Einladung zum Gastvortrag am


Freitag, 16. Juni 2016,

16:00 Uhr, T01

Institutsgebäude Jakob-Haringer-Str. 2, Itzling


von Dr. Marc Gates

(Innovative Computing Laboratory, Electrical Engineering and Computer Science Department University of

Tennessee Knoxville, Tennessee, USA)


zum Thema:

Evolution of the Singular Value

Decomposition Towards Exascale



The computation of the Singular Value Decomposition (SVD) has a long history, with many improvements over

the years, both in implementations and algorithmically. In this talk, we survey the evolution of SVD algorithms for

dense matrices, discussing the motivation and performance impact of changes. As we move towards exascale

computing, improving the algorithm to remove bottlenecks---particularly associated with memory bandwidth

limitations---becomes critically important.


One of the first efficient and stable SVD algorithms was QR iteration, by Golub and Reinsch, written in Algol60.

This was subsequently translated to Fortran in the EISPACK library, and later more efficiently implemented in the

LINPACK library using Level~1 BLAS for the vector machines of that day.


To address the emergence of cache-based memory hierarchies, new algorithms were developed to block

operations together using Level~3 BLAS, resulting in the LAPACK library. Special cases for tall and wide matrices

also significantly improved performance. Use of multi-threaded BLAS enabled parallelism within a shared-memory

machine. To take advantage of distributed memory machines, ScaLAPACK was introduced, based on the

LAPACK design but using the parallel PBLAS, built on top of message passing. Algorithmically, the divide

and conquer method was introduced to replace the traditional QR iteration method, significantly speeding up

computation of singular vectors. With the emergence of accelerators, such as GPUs and the Intel Xeon Phi,

implementations sought to offload the computationally intensive workload to the accelerator.

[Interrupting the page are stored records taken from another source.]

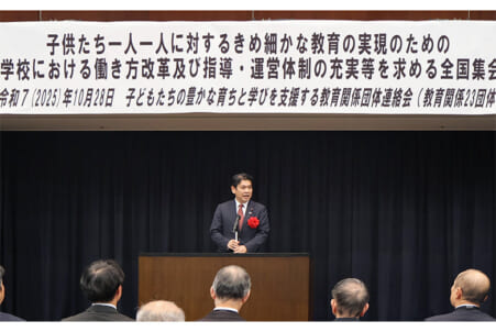 集会に出席した松本洋平・文部科学大臣は、SNSを通じて多くの教員から声が寄せられていることを紹介し、「現場主義を徹底していく」と挨拶した。
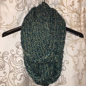 Teal & Gold knitted Infinity scarf. Shown many ways. Super warm and snuggly! Gorgeous colors. J Crew quality.
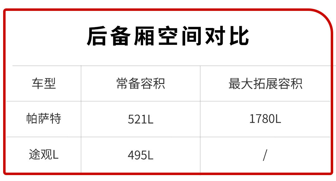 但从实际看来,同一级别的SUV比起轿车并未有优势。例如帕萨特与途观L,帕萨特的后备厢常备容积为521L,而途观L的常备容积仅有495L。
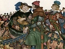 Alla instantly condemned the traitor knight to death, and Constance, notwithstanding all his untruth and perfidy, had pity on his fate. After this the king wedded Constance with great solemnity, and so this shining star of holiness became a queen. All rejoiced in the event but Donegild, the king's mother, a tyrannical and cruel woman: her wicked and proud heart was wrung at the thought of her son's marrying a creature whom no one knew, or whence she came, or what she was.
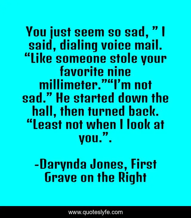 "Darynda Jones, First Grave on the Right Quotes." Quoteslyfe.com, 2025. Mon. 08 Dec. 2025. <https://www.quoteslyfe.com/quote/You-just-seem-so-sad-I-said-131842>.
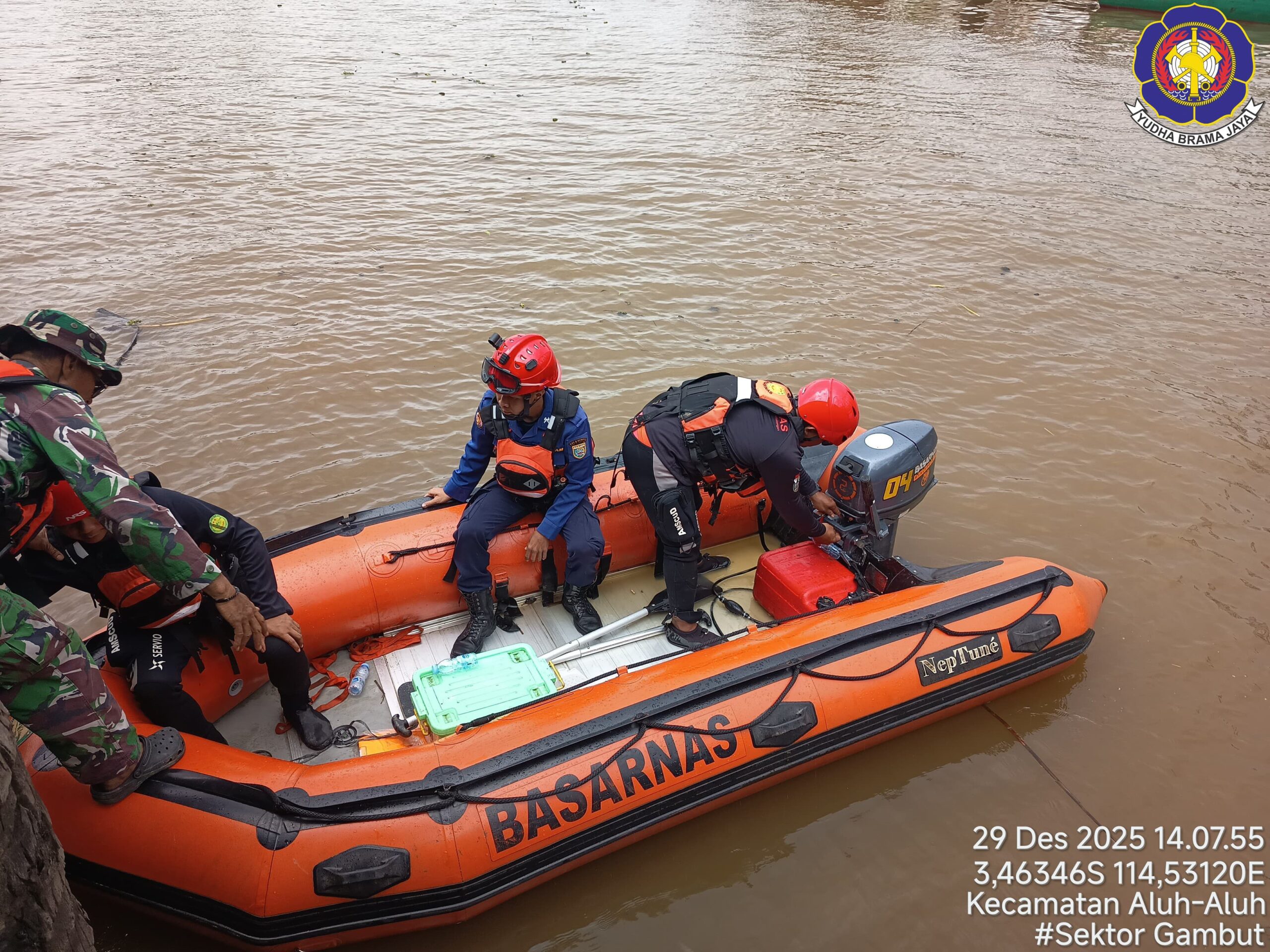 Pencarian korban dilanjutkan pada Senin (29/12/2025) mulai pukul 14.10 WITA. Tim gabungan melakukan penyisiran permukaan sungai sejauh kurang lebih dua kilometer, mulai dari Titik 0 Jembatan hingga dermaga di depan Kantor Kecamatan Aluh-Aluh.

Still, methods remained memory bound, limited by matrix-vector multiplies in the initial reduction to bidiagonal

form. As the gap between memory bandwidth and computation speed increased, this became more of a

bottleneck. In recent years, two stage algorithms have sought to alleviate this limitation by first reducing the matrix

to a band form using Level~3 BLAS, then reducing to bidiagonal form using a bulge-chasing technique.


As we see, SVD algorithms have continually evolved to address changes in computer hardware, as well as

advancements in mathematics. This talk will look at the improvements of each implementation, comparing

performance on a common, modern, shared-memory machine and a distributed memory platform. We

show that algorithmic and implementation improvements have increased the speed of the SVD from 100--1000 times, while using 25 times less energy.